Since the beginning of 2017, the Bulgarian Stock Exchange (BSE) has moved significantly closer to the establishment of its long-awaited international segment, which the bourse hopes will contribute to resolving the problem of persistently low liquidity.
The BSE International segment, where financial instruments that have already been admitted to trading on foreign regulated markets will be listed, is designed to provide easier access of Bulgarian investors to foreign stocks.
On January 26, the financial regulator issued an approval the BSE needed to be able to operate a multilateral trading facility (MTF), which is a key precondition for setting up the BSE International segment. MTFs are self-regulated financial trading venues, which serve as an alternative to traditional regulated markets on stock exchanges.
The need for setting up an MTF is based the fact that the majority of foreign exchange-traded companies had been listed long before the EU's Prospectus Directive of 2003. However, if companies do not have prospectuses required by the directive, they can't trade on the BSE's main market, which justifies the need for an MTF.
On February 19, the last condition for setting up BSE International was met, as the Bulgarian Central Depository announced it has completed a joint project with the country's central bank, allowing the depository to settle transactions in euro in the TARGET2 real-time gross settlement system.
The initial deadline for setting up the BSE International segment expected by the stock exchange was September 2017 but the two above-mentioned approvals took longer to obtain than originally envisaged.
The establishment of the new segment is aimed at improving liquidity on the stock exchange in Sofia. The BSE has said the segment will offer large institutional investors, which are already trading in foreign-listed stocks via various channels, a much cheaper way to do so, both in terms of trading charges and settlement.
The segment will comprise between 70 and 80 issues of foreign companies, which will be selected after extensive consultations with large institutional investors and other interested parties, one of the BSE CEOs, Vassil Golemanski, said when the plan for establishing the segment was officially announced.
Low liquidity has long been considered one of the major problems of the Bulgarian Stock Exchange. The global financial crisis only exacerbated the problem, which led to the establishment of a Capital Market Development Council consisting of representatives of regulators and associations of large institutional investors. In November 2016, the Council adopted a Strategy for Development of the Bulgarian Capital Market.

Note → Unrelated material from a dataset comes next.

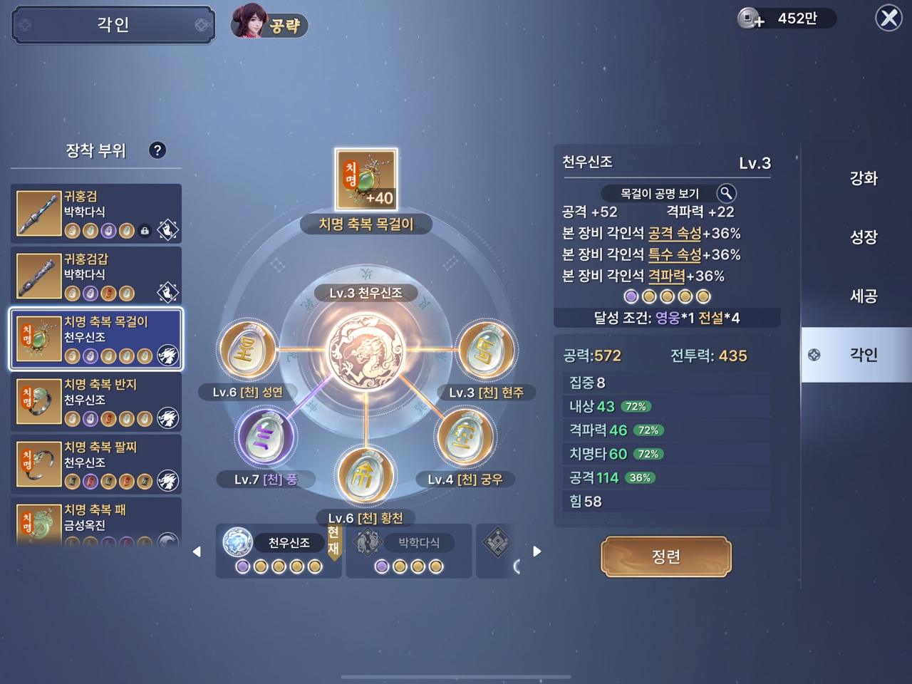 각인이 솔직히 후반부에 공력을 좌우하는 부분이라고 생각하는데

Insufficient liquidity and the lack of instruments in a volume large enough to attract large institutional investors are the most pressing concerns which the BSE is facing, according to the strategy document. To resolve the issues, the parties agreed to work towards improving the quality, quantity and variety of instruments offered on the BSE.
One of the specific measures intended to support the development of the stock exchange in Sofia was to provide local investors with access to foreign markets via the BSE. Consequently, in May 2017, the BSE announced it was planning to set up a BSE International segment. At the time, the BSE also announced it had received approval from the Financial Supervision Commission for changes to its listing and trading rules.

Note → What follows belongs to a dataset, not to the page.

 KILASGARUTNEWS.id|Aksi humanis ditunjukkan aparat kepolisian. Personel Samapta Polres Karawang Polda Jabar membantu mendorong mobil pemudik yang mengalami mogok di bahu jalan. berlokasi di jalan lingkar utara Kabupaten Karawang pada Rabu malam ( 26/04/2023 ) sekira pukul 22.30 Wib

Trading in government bonds off to a slow start
In a bid to further diversify the available instruments on the exchange, on November 1the BSE admitted to trade 20 issues of Bulgarian government securities with a total book value of 5.5 billion levs.
The listing of government securities on the BSE was expected with great interest, as many thought it might attract retail investors, who otherwise have no direct access to such instruments.

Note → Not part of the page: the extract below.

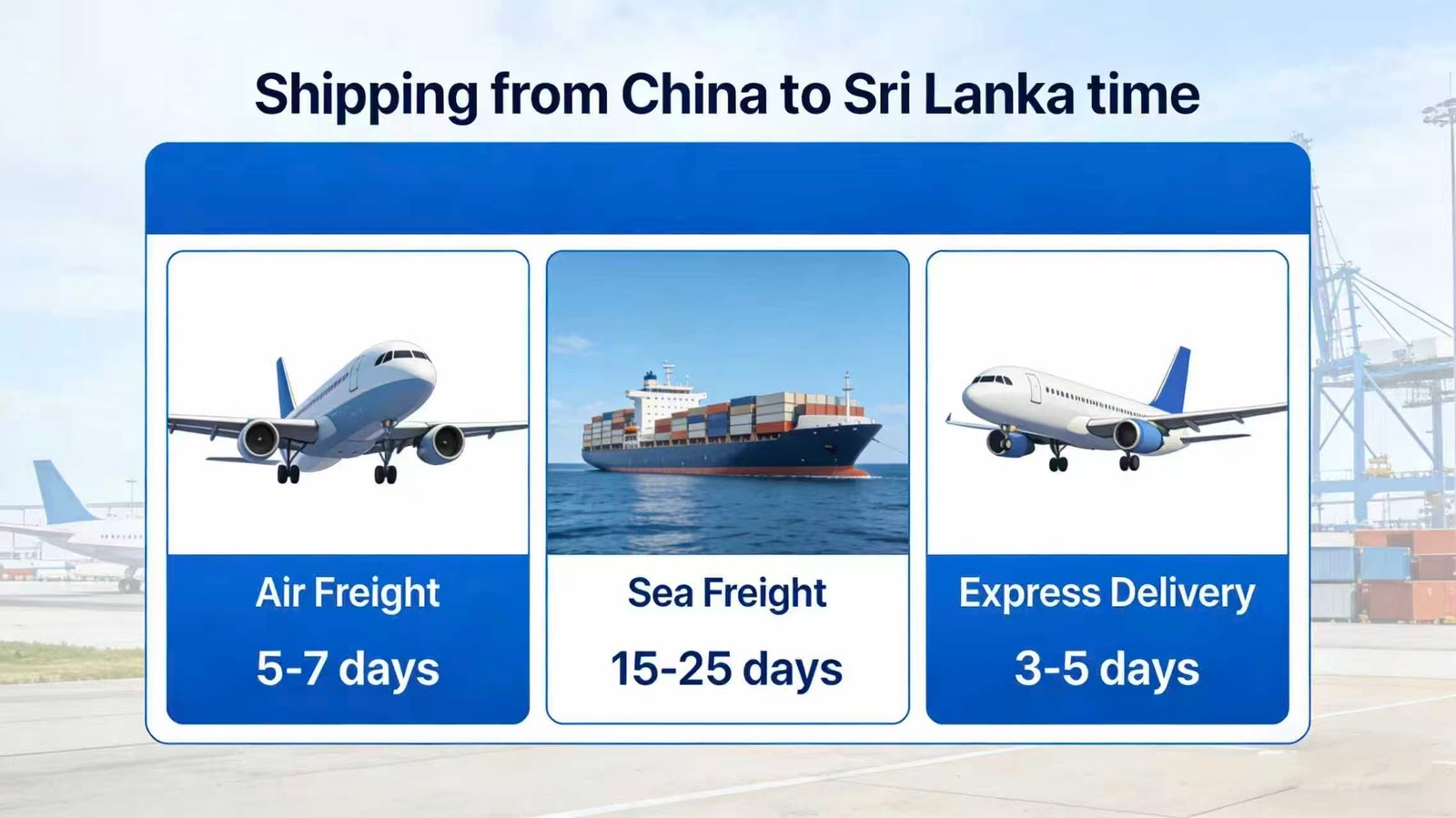 Express services include door‑to‑door pickup, international transit, and final delivery in Sri Lanka, often with real‑time tracking and priority handling. Compared with standard air freight, express shipments usually clear customs more efficiently because carriers handle documentation and compliance checks proactively. The typical transit time for express shipping is 2–4 days, but can vary slightly during peak seasons such as before Chinese New Year or Sri Lankan holidays.

However, until the end of 2017 only three transactions in government securities were concluded on the regulated market of the BSE, generating a total turnover of just below 340,000 euro. In January 2018, trade in government bonds slightly picked up and generated a turnover in excess of 1 million euro.
Expat Asset Management's growing family of ETFs
The growing number of Sofia-listed exchange-traded funds (ETFs) of Bulgaria's Expat Asset Management company might also boost liquidity on the BSE.
In August 2016, Expat Asset Management launched its first ETF on the BSE, Expat Bulgaria SOFIX UCITS ETF, which tracks the performance of the BSE's blue-chip SOFIX index through the method of full physical replication. The ETF helped boost liquidity on the BSE as, on the one hand, it attracts serious investor interest, and on the other, it constantly buys and sells shares of blue-chip companies, in order to keep up with the SOFIX rebalancing.
In January and February, Expat Asset Management listed a further eight ETFs on the BSE, each of which tracks the performance of the blue-chip index of one of eight stock exchanges in Central and Eastern Europe, i.e. the bourses of Croatia, the Czech Republic, Greece, Hungary, Poland, Romania, Slovakia and Slovenia. The company also plans to launch a further two ETFs, which will track the blue-chip indices in Macedonia and Serbia.
The ETFs are expected to overcome deficiencies typical for stock exchanges in the region such as lack of liquidity, lack of access, cross-border settlement issues, high execution costs, large spreads, and other technical factors, according to Expat Asset Management.